Handcuffed individualRecently enacted legislation in Massachusetts will significantly affect employers’ use of criminal history information for employment purposes. While most provisions of the new law (pdf) do not go into effect until February 2011, one provision, effective on November 4, 2010, requires the immediate attention of multi-state employers.

This provision generally prohibits employers from inquiring in an “initial written application form” about an applicant’s criminal history. Two narrow exceptions permit questions about criminal history if a federal or state regulation (1) disqualifies the applicant from employment in the open position based on a criminal conviction; or (2) bars the employer from hiring for one or more positions an individual with a criminal conviction. The second exception, as written in the statute, is ambiguous. It is unclear whether an employer who is barred from hiring a convicted criminal for certain positions may inquire into an applicants’ criminal history on the initial employment application used for a variety of positions, including those that can be filled by a convicted criminal. This issue is particularly important for multi-state employers who use a standard job application form for all jurisdictions.

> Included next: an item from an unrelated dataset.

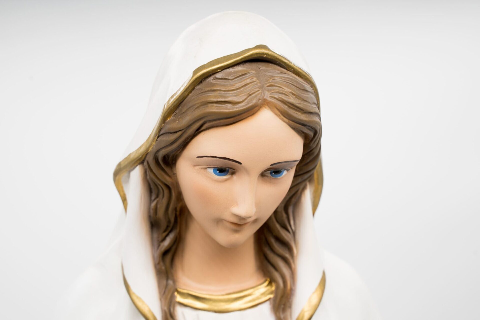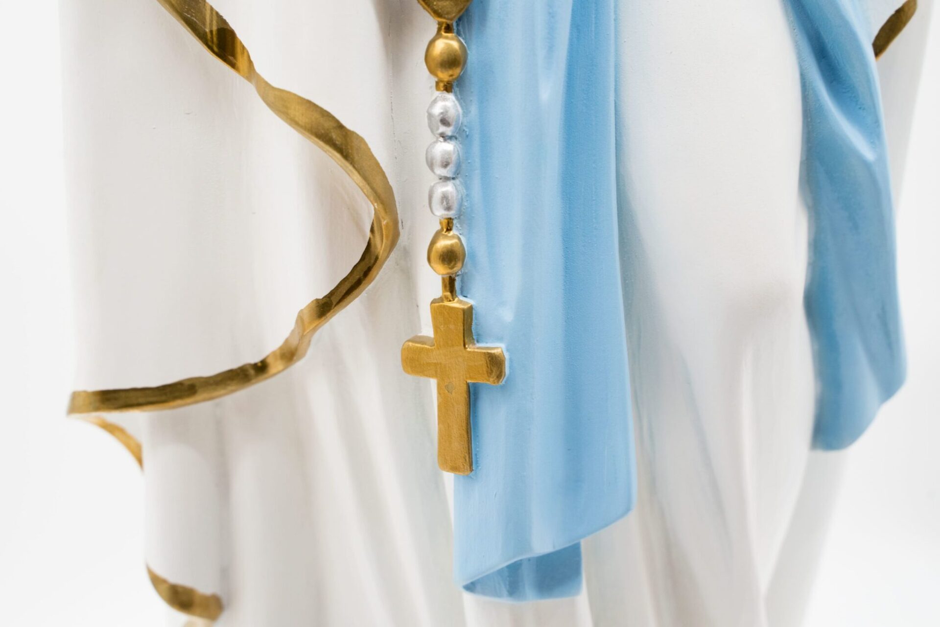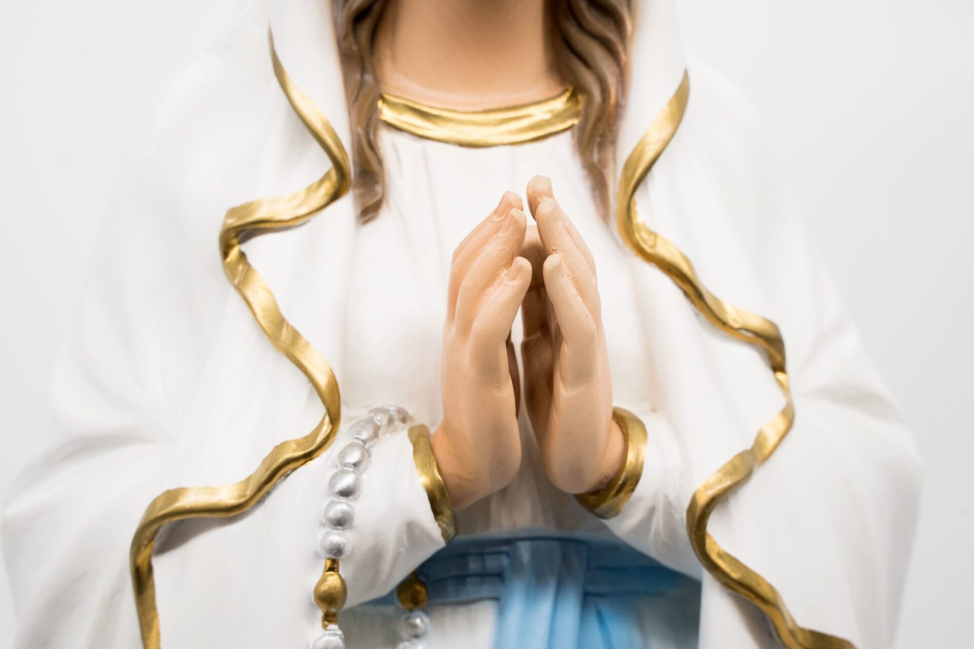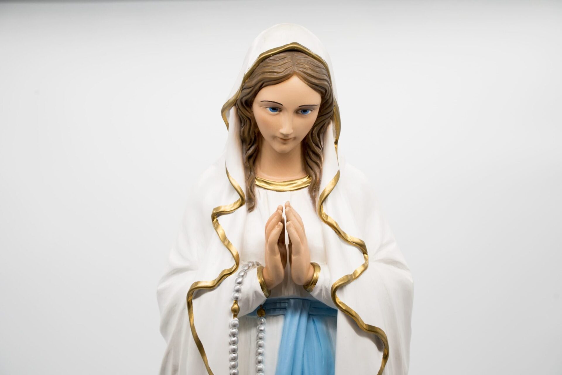 La Madonna è in piedi, con le mani giunte in preghiera, indossando un abito bianco con bordi dorati e una fascia azzurra intorno alla vita.
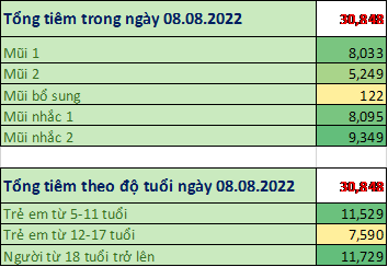 Tính đến hết ngày 08/08/2022, 22.861.242 mũi (bao gồm 8.582.912 mũi 1; 7.650.228 mũi 2; 687.782 mũi bổ sung; 4.670.701 mũi nhắc lần 1; 1.269.619 mũi nhắc lần 2).

Before the new law’s November effective date, all multi-state employers should carefully reviewany job application form that is completed by Massachusetts applicants. If the employer has no position for which federal or state law prohibits the hiring of a convicted criminal, the employer should add an instruction to Massachusetts applicants, immediately below any question seeking information about criminal history, directing Massachusetts applicants not to respond. If the employer has one or more positions for which federal or state law prohibits the hiring of a convicted criminal, the employer should consider an instruction which directs Massachusetts applicants not to answer the question unless they are applying for one or more of a list of specified positions. The list would include those positions for which state or federal law prohibits the hiring of a convicted criminal.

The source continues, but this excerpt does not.